3. Diese Beurteilung entspricht - entgegen der Annahme der Klägerin - in vollem Umfang der bisherigen höchstrichterlichen Rechtsprechung. Diese geht nämlich - im Anschluß an die vom Großen Senat aufgestellten Grundsätze - dem Grunde nach dahin, daß der Kläger zur Bestimmung des Klagebegehrens angeben muß, inwieweit er den angefochtenen Bescheid für rechtswidrig hält (Senatsurteil in BFHE 153, 290, BStBl II 1988, 895, 896; BFH in BFH/NV 1995, 886, 887; BFH-Urteil vom 31. Januar 1996 II R 95/93, BFH/NV 1996, 564). Dafür kann es zwar im Einzelfall ausreichen, daß die anderweitig anzusetzenden Besteuerungsgrundlagen dem Betrag nach bezeichnet werden (Senatsurteile vom 17. Oktober 1990 I R 118/88, BFHE 162, 534, BStBl II 1991, 242; vom 21. Mai 1997 I R 50/96, BFH/NV 1997, 870; BFH-Urteil vom 23. Januar 1997 IV R 84/85, BFHE 182, 273, BStBl II 1997, 462) oder das mit der Klage verfolgte Begehren durch Angabe von Umsatz, Vorsteuer und Gewinn präzisiert wird (Senatsurteil vom 17. April 1996 I R 91/95, BFH/NV 1996, 900).
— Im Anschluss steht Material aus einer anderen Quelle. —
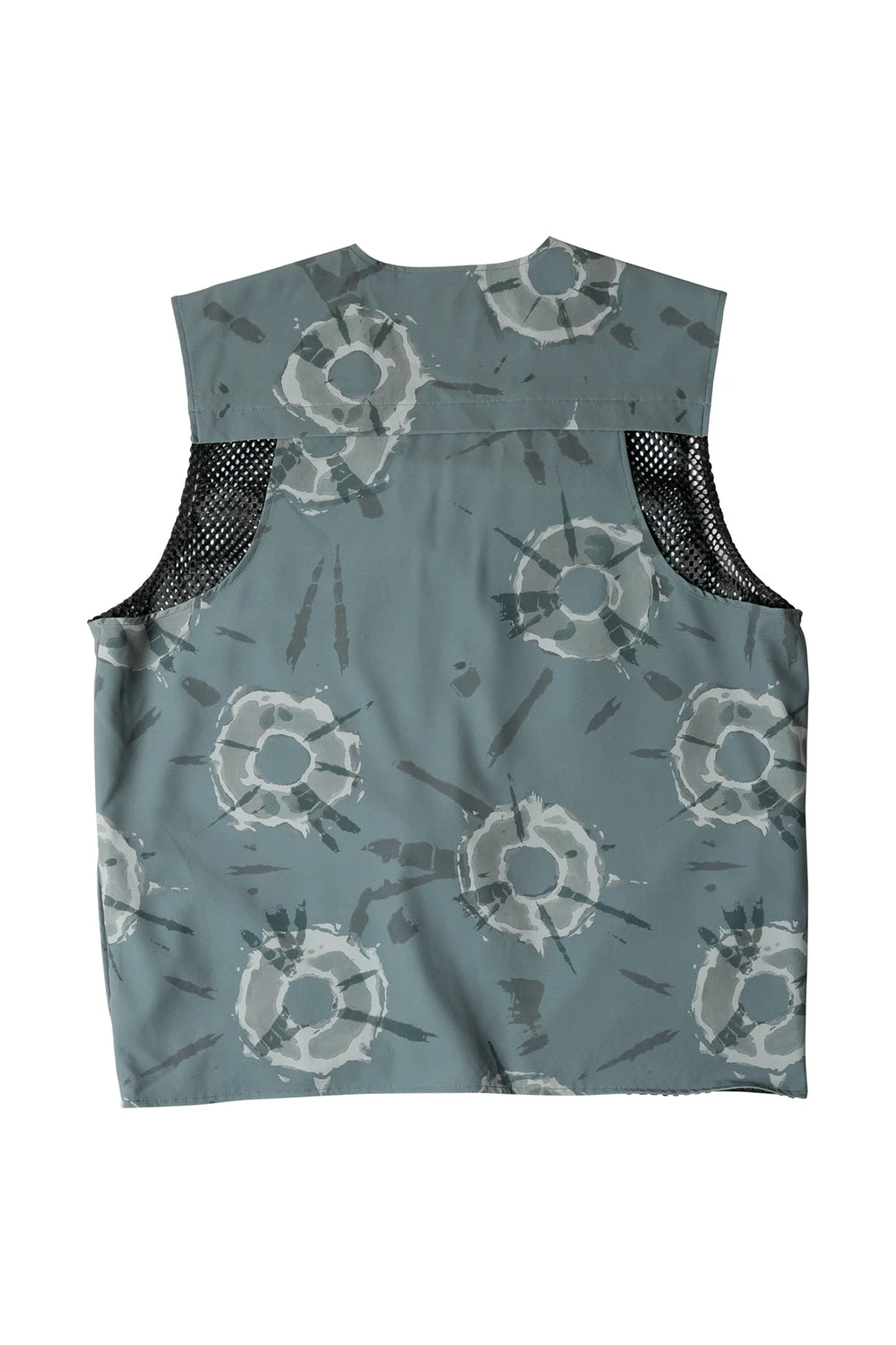 Casual fit, full zip lightweight mesh lined vest, one chest zip pocket with patterned webbing and two twin pleated cargo pockets with hook and loop closure (one additional mesh pocket), utility loop bar tacked above chest pockets, lower pleated cargo pocket (two additional mesh pockets) with hook and loop closure and on seam hand pockets, back mesh gusseted panels.

Das gleiche gilt dann, wenn die Präzisierung durch Bezugnahme auf das Einspruchsverfahren (BFH in BFHE 180, 247, BStBl II 1996, 483, und in BFH/NV 1997, 415) oder auf zwischenzeitlich beim FG eingereichte Unterlagen erfolgt. All dies ist indessen im Streitfall nicht geschehen. Die Klägerin hat vielmehr bis zum Ablauf der Ausschlußfrist lediglich einen weiteren Sachvortrag - in Gestalt der Steuererklärungen - angekündigt, was nach der gefestigten Rechtsprechung des BFH den Anforderungen des § 65 Abs. 1 FGO nicht genügt und deshalb nicht zur Zulässigkeit der Klage führt.